Kinzer bitterly commented that “we allowed ourselves to believe we could crash violently into Libya, destroy all the institutions under which it had lived for more than 40 years, and blithely presume that things would somehow work themselves out peacefully and Libya would become ‘free.’”
In early 2015, the New York Times editorialised on the “unravelling” of Libya. Warning that the country was veering “toward complete chaos”, the editorialists noted the rise of ISIS in Libya, and the danger of ISIS spreading further. In August, New Yorker journalists Jon Lee Anderson wrote about the rise of ISIS in Libya. He noted that “ISIS is advancing amid a low-level civil war, pitting militias and tribes against one another in alliances that defy easy description.”
Anderson reported that, “David Cameron’s special envoy for Libya, Jonathan Powell, acknowledged that the West bore some responsibility for Libya’s collapse.”
From June, the US had started bombing Libya again, this time in pursuit of ISIS targets.
Aside from helping the rise of ISIS in Libya, our war on Libya may have contributed to the original rise of ISIS in Syria.
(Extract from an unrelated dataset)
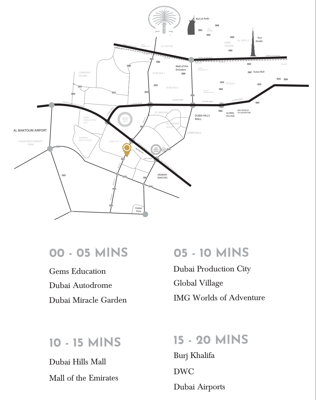 Residents will delight in a locale that perfectly balances serene living with unparalleled urban access. Enjoy effortless proximity to Dubai's most prestigious golf courses, leading healthcare institutions, top-tier international schools, and bustling business districts, including the iconic Downtown Dubai. This prime placement ensures a convenient lifestyle for professionals and families alike, seamlessly connecting work, education, and leisure pursuits.
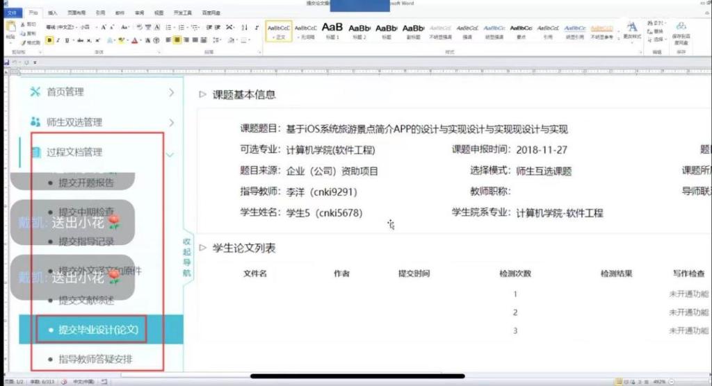 夏利民副教授围绕指导老师和同学如何使用系统进行本次讲座。讲座中,首先夏老师详细地介绍指导老师如何使用系统,包括选题、下发任务书、开题报告审核、指导记录、外文译文审核、毕业论文初稿审核、答辩安排、论文送审及成绩管理。其次,夏老师以学生的角度讲解如何使用系统,从师生互选管理、选题分析、过程文档管理、评审答辩和成绩方面进行详细讲述。最后,夏老师以几篇毕业论文为同学们简要介绍了毕业论文的规范写法和要求,通过毕业论文的写作,学生可以初步掌握科学研究的基本方法,提高综合能力。同时,通过学生论文案例及导师修改意见,指出毕业论文写作中普遍存在的基本问题,如结构不完整,目录与正文不符,口语化严重等。在夏老师的介绍过程中,学生们积极主动回应,夏老师答疑解惑,互动效果良好。

According to Seymour Hersh, after the fall of Qaddafi, the CIA created a “rat line”, to funnel weapons from Syria into the hands of the military opposition to Assad. According to Hersh, “Many of those in Syria who ultimately received the weapons were jihadists, some of them affiliated with al-Qaida.” Part of the rat line involved “front companies… set up in Libya, some under the cover of Australian entities.”
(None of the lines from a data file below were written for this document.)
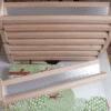 Cunas de perforado de cuadernillos realizadas en madera de Eucaliptus de 2.5cm de espesor.
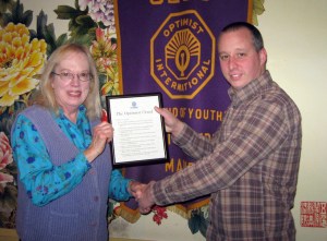 Guest speaker Gretchen Rosen of the Lewiston-Auburn Children’s Foundation is pictured receiving her copy of the Optimist Creed from club president Chris Bilodeau. The foundation also donated $200 to the club, which is scheduled to be used to purchase new bike helmets for needy kids. The L-A Optimist Club meets for lunch at Chopsticks Restaurant in Lewiston on the first and third Tuesday of each month.
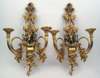 A pair of gilt brass two branch wall sconces,
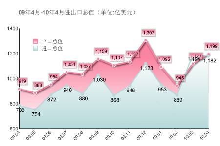 ·進出口:4月出口額1199.2億美元 進口額1182.4億美元

Glenn Greenwald at the Intercept noted that as reports of Libya’s descent into collapse and civil war proliferated, those who advocated bombing the country for humanitarian reasons seemed to have disappeared. Their humanitarianism didn’t include solicitude for Libyans once the war seemed won. There were no apologies for getting it wrong.
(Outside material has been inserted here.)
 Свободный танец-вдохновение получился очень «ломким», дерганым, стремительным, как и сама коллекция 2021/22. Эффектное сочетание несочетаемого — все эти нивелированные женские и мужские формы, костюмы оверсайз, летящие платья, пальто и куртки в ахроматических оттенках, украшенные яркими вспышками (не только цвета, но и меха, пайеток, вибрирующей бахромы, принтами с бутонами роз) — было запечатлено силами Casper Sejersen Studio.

The US eventually responded to the rise of ISIS in Libya by preparing the ground for a new war on it early this year. In August, the US Pentagon announced a new sustained offensive against Libya, this time to battle ISIS.
To his credit, Greens Senator Scott Ludlam has spoken critically about the war on Libya in the Senate. Last year, he gave it as an example of the terrible “consequences of attempting to bomb liberal democracy or otherwise implant Western priorities into the ancient rivalries and allegiances of the modern Middle East”.
Earlier this year, he criticised “those same leaders who brought regime change to Libya but did not stick around to prevent its collapse into a failed state”. He prudently didn’t name the leaders he may have had in mind.
As support for the war was so widespread among political and media elites, it makes sense that few want to dredge up the past. They can’t use the war against their political opponents, as they too are implicated in it. Thus, just like our other wars, few bother to look back.
The countries we have destroyed have hardly rated as a footnote in Australian political debate.
As for those who were displaced by the war in Libya, they have limited chance of being resettled here. Even if they did come, perhaps half of Australia would be upset, preferring they not be welcomed here.
Among the primary reasons for that opposition to Muslim migration is that they pose a threat to us, and they don’t share our values.
I suspect many from the Muslim world have a similar attitude towards us. Their fears just happens to be a lot more rational than ours.